The change to the previous provisions was driven by developments in international politics: the remilitarisation of Germany accelerated the erosion of the post-war collective security system established by the League of Nations. Turkey therefore returned to the subject of the straits at another conference, this time in Montreux, Switzerland.

Russia was also a power vitally interested in regulating access to the Black Sea straits. Its demands included that the Black Sea be closed to all but the littoral states. These conditions were a consequence of the fact that Ukraine and Georgia were then part of the USSR, while Romania and Bulgaria were Soviet allies.

However, Russian ideas for shaping order in the Black Sea region did not meet with the approval of the Western powers. Britain and other European states took steps to limit the ability of Russian warships to operate in the Black Sea unfettered in the event of a naval war and to seek refuge there. Western states also sought to limit Turkey’s ability to block the Turkish Straits. Faced with the impossibility of reaching a compromise, a compromise solution was eventually adopted by the states concerned with the Black Sea Straits issue.

The provisions of the 1936 Montreux Convention allowed Turkey to remilitarise the zone of the straits, granting it some control over them. At the same time, the agreement regulating the passage of ships increased Soviet influence in the Black Sea.

In the ongoing Russian–Ukrainian war, the Montreux Convention provides the legal basis for regulating traffic in the Black Sea. At the beginning of hostilities, Ukraine asked Turkey to close the straits to Russian warships, pointing to Turkey’s crucial importance in maintaining peace in the Black Sea region.

The Turkish government agreed to the proposal on 28 February 2022. However, this did not stop Russia from placing several warships in the Black Sea. In response, Turkey stated that it would not prevent Russian warships from entering the Black Sea if Russia claimed that they were returning to their home ports.

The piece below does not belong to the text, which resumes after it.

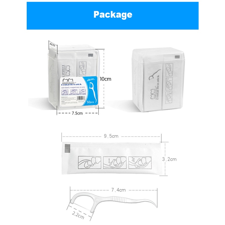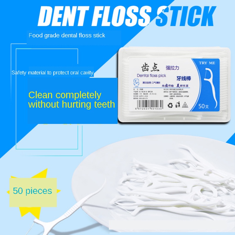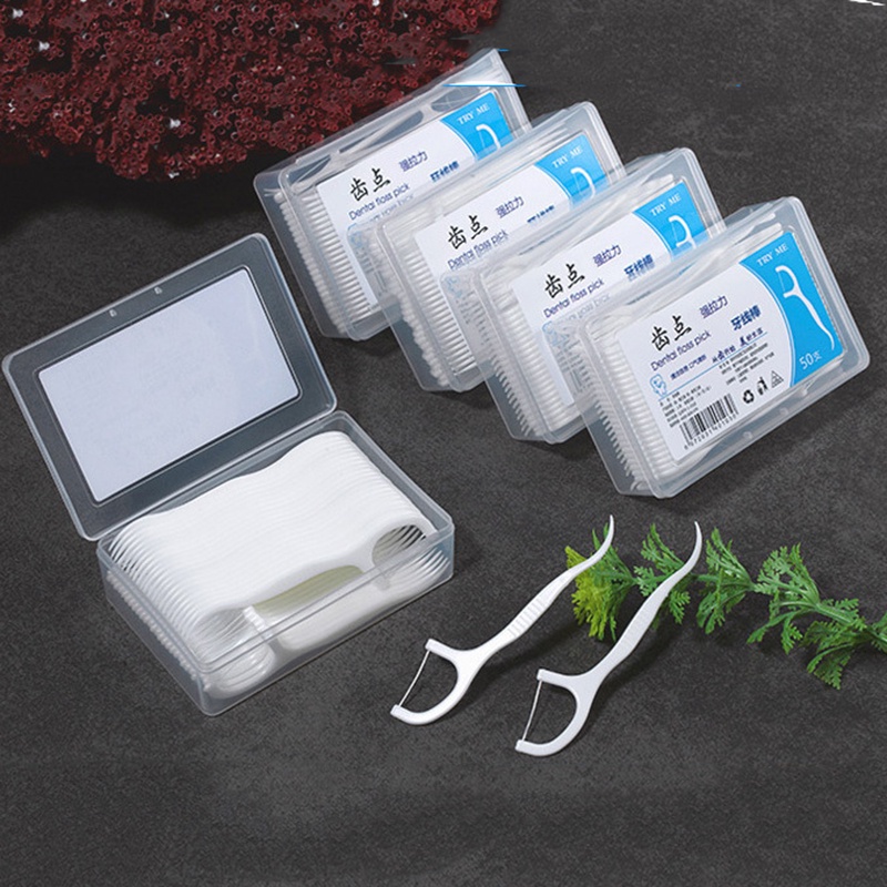 ไหมขัดฟันชนิดด้าม/ไม้จิ้มฟันพลาสติก ไหมขัดฟันชนิดด้าม ไหมขัดฟันแบบแท่ง/กล่อง 50 ชิ้น

The key provisions of the Montreux Convention governing the entry of ships into the Black Sea during wartime read: 1) Turkey may close the straits to warships of belligerent parties in time of war or when Turkey itself is a party to the war or is threatened with aggression by another state; 2) Turkey may close the straits to merchant ships belonging to states at war with Turkey; 3) any state with a coastline on the Black Sea — Romania, Bulgaria, Georgia, Russia or Ukraine — must give Turkey eight days« notice of its intention to send warships through the straits. Other countries, those that do not border the Black Sea, must give Turkey 15 days« notice.

Only Black Sea states may send submarines through the straits, but only after prior notification and only if the submarines were built or purchased outside the Black Sea; 4) only nine warships may pass through the straits at any one time, and there are restrictions on the size of the ships, either individually or in groups. No group of ships can exceed 15,000 metric tonnes. Modern warships are heavy, with frigates around 3,000 metric tonnes and destroyers and cruisers around 10,000 metric tonnes. Modern aircraft carriers are too large to pass through, and under Turkish regulations are not allowed anyway.

Dominion of the Black Sea entails many advantages. Ships of coastal countries sailing on it have much greater rights than vessels from outside the Black Sea. Ships of coastal countries sailing there have much more rights than non-Black Sea vessels. Foreign warships, for example, cannot stay in the basin for more than 21 days; Black Sea navies are exempt from such restrictions.

In addition, non-Black Sea navies have a permissible total tonnage of 45,000 tonnes, with no non-Black Sea power having more than two-thirds of this figure. Ships of countries involved in hostilities are not allowed to enter the Black Sea, making it impossible, for example, to replace the sunken cruiser „Moskva”. Turkey’s situation in the ongoing Russian–Ukrainian war is difficult. Both sides in the conflict are important partners in key energy and military trade agreements.

Turkey is a member of NATO and seeks to strengthen its ties with the West; at the same time, the Russian Federation is one of its key partners. Turkish control of the key straits may prove decisive for its future relations with both partners.